En España, con el consabido retardo, los autores que comienzan a publicar hacia 1970 exhibirán unas señas de identidad deliberadamente irritantes para muchos: radio, televisión, fotonovelas, cómic, novela de aventuras y de kiosco, canción popular, cine ávidamente consumido (incluso aunque algunas de esas películas luego resultasen ser buenas). Así se ve en Julia (1970), de Ana María Moix, una de las mejores novelas de crecimiento personal escritas en español4. La narradora y protagonista, de rasgos autoficcionales bien reconocibles, se siente incomprendida por sus padres —únicamente con su abuelo paterno, viejo anarquista, hay cierto entendimiento—. Sus compañeros en la universidad se comprometen acaloradamente con causas como la Guerra de Vietnam, el hambre en la India o las luchas raciales, que a ella solo le despiertan un mortal aburrimiento. Es significativo que, pese a que la edad es la misma, la colectividad aparece asociada a la lucha política, mientras que la subjetividad individual se desentiende de ella. En su lugar, se prefiere como espacio íntimo la lectura de tebeos y novelas, el cine o la canción ligera, profusamente citados en las páginas de Julia.

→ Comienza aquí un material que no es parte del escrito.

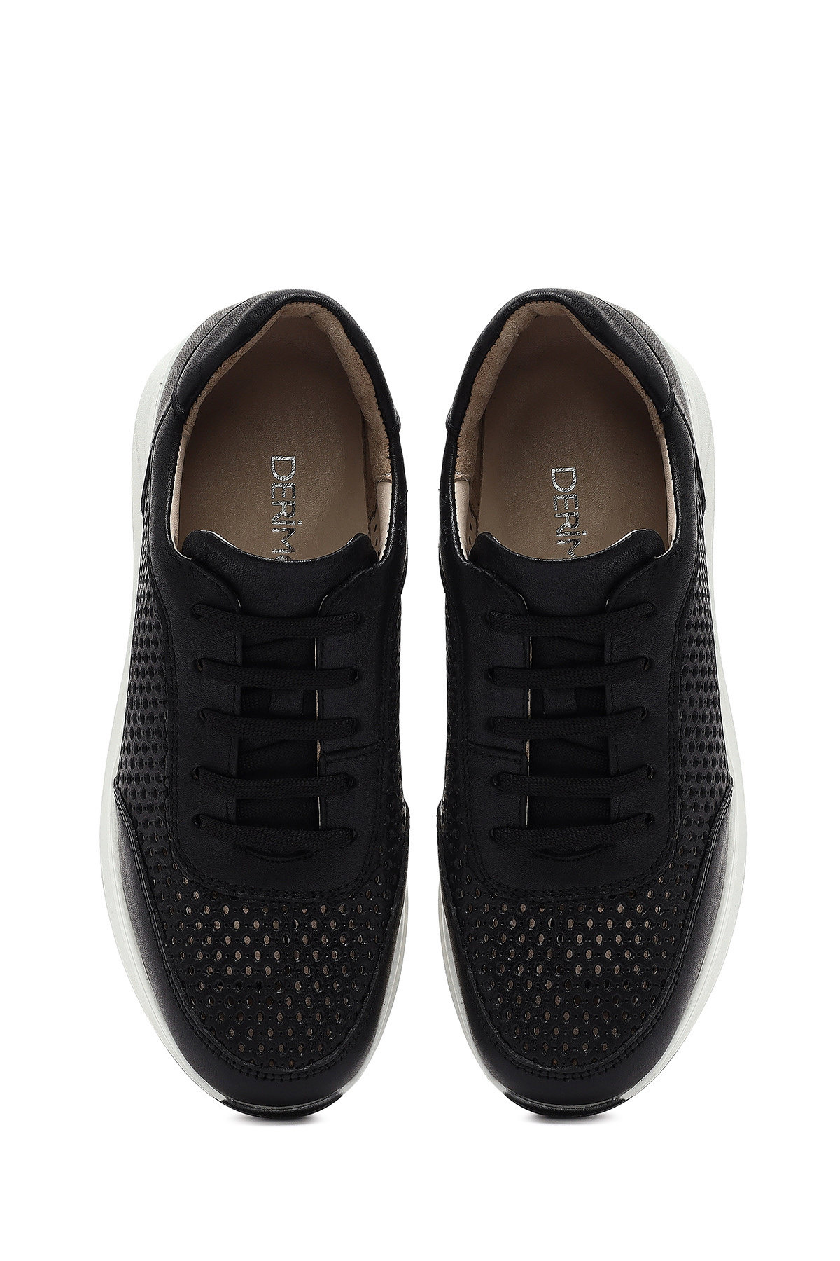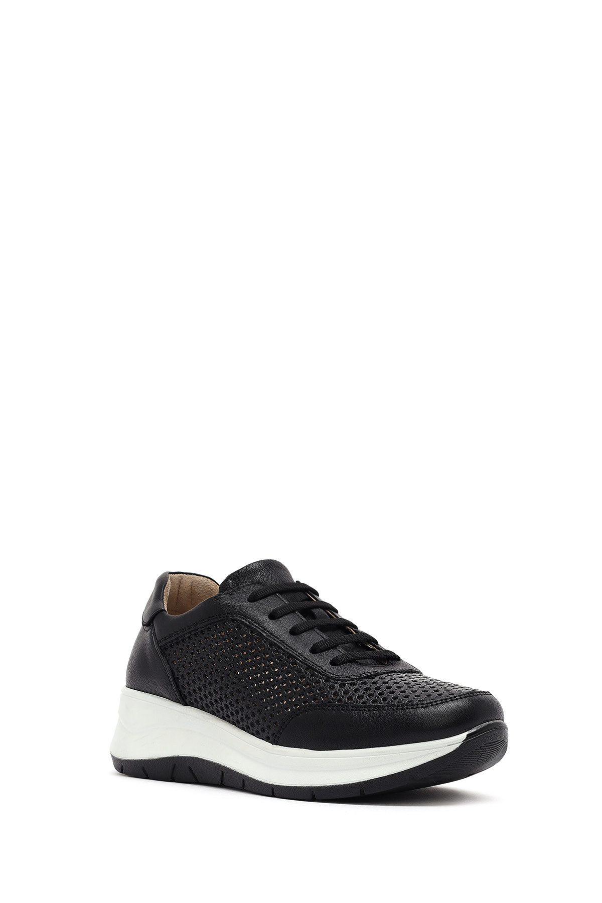 Kadın Siyah Bağcıklı Kalın Tabanlı Deri Sneaker 25SFD501718 Kadın Siyah Bağcıklı Kalın Tabanlı Deri Sneaker 25SFD501718 40

Así pues, a partir de los años sesenta infancia y adolescencia se convierten en valores que oponer al mundo adulto y responsable. Eso mismo aproximará solidariamente dos periodos vitales que en puridad resultan bien distintos entre sí, como son la infancia y la juventud. Una y otra harán causa común contra la adultez. La novela que acabamos de citar, Julia, ejemplifica de manera cristalina esa vinculación entre infancia y juventud frente a la madurez; de hecho, la narradora llega a reconocerse a sí misma rehén de la Julita niña, que no acepta verse arrinconada, relegada a la categoría de recuerdo, y se impone sobre la adulta, vengándose de ella e impidiéndole alcanzar la normalidad: “Julita se había convertido en un dios martirizador para Julia, un dios que reclamaba continuos sacrificios para calmar su antiguo dolor” (56). La misma Ana María Moix, en varios de los relatos de Ese chico pelirrojo a quien veo cada día (1971), muestra el conflicto entre la visión del mundo de los adultos y la de los adolescentes, niños o jóvenes de ambos sexos.

Obviamente, ese acercamiento parte de los jóvenes, que son quienes, ante el rechazo que les producen los valores adultos, prefieren volver la vista hacia la infancia. Ser menor de treinta años era la única credencial de autenticidad y rebeldía. La célebre frase que Jack Weinberg pronunció en 1964 durante los disturbios de Berkeley, resumen bien la idea: “Don’t Trust Anyone over 30”. Del cuño romántico de esta renovada fractura generacional nada habla mejor que el verso de Poe —por supuesto, en la versión de “Anabel Lee” que Radio Futura convirtió en un éxito musical en 1987—: “Nuestro amor era más fuerte que el amor de los mayores”. Parece paradójico (pero más bien no hay paradoja alguna, sino una pura y perversa aplicación de la lógica del capitalismo) que, justo desde esas fechas, infancia y adolescencia (y también, por supuesto, juventud) empiecen a ser valores vendibles, anunciables, sometidos a un eros capitalizado. Los jóvenes serán a partir de ahora consumidores y protagonistas de la publicidad, que se convertirá también en un rasgo identitario, sobre todo con la aparición y desarrollo del spot televisivo.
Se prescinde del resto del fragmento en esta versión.